El negro, pobre e invisible es sólo una víctima sin identidad, de un país suplente en el tablero de juego de la diplomacia hipócrita. Es el rostro de esa parte del continente africano que nunca se quiere ver, ni comprender porque eso significaría asumir el pecado de la dejación, del olvido de esas potencias que corren prestas a resolver conflictos en rincones del mundo estratégicamente vigilados.

De donde proceden los protagonistas de este trágico éxodo marítimo son tierras demasiados lejanas. Allí las fuerzas que quedan son las justas para mantener vivas guerras civiles únicamente dentro de sus fronteras. Son sólo una amenaza para ellos mismos. En sus tierras no hay nada que interese ni preocupe a la comunidad internacional, que sigue minuto a minuto lo que se cuece en la plaza Tahrir pero ni tan siquiera mira de reojo a los bebés supervivientes que llegan a las costas gaditanas. Egipto no puede caer, es frontera y muro de contención en el mapa de Occidente.

Al otro lado del Estrecho, asociaciones humanitarias gritan y pocos escuchan. Hay al menos cinco pateras desaparecidas, pero la noticia no abre informativos. A las autoridades españolas y marroquíes les basta con un simple: «No nos consta». La inmigración clandestina tiene estas cosas; se camufla, se esconde, no consta.

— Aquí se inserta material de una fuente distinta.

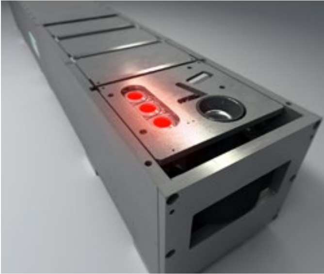
Independent carriages incorporating precise strip edge tracking

El silencio de la comunidad internacional se extiende por esas redes sociales tan dadas a solidarizarse o cabrearse, según qué temas y qué personajes. Días atrás, el alcalde de Algeciras, José Ignacio Landaluce, sembraba la sospecha en un colectivo tan desprotegido al asegurar que no descartaba la presencia de islamistas radicales entre los supervivientes del Estrecho. Una metedura de pata que sólo le valió un puñado de ‘tuits’ en contra.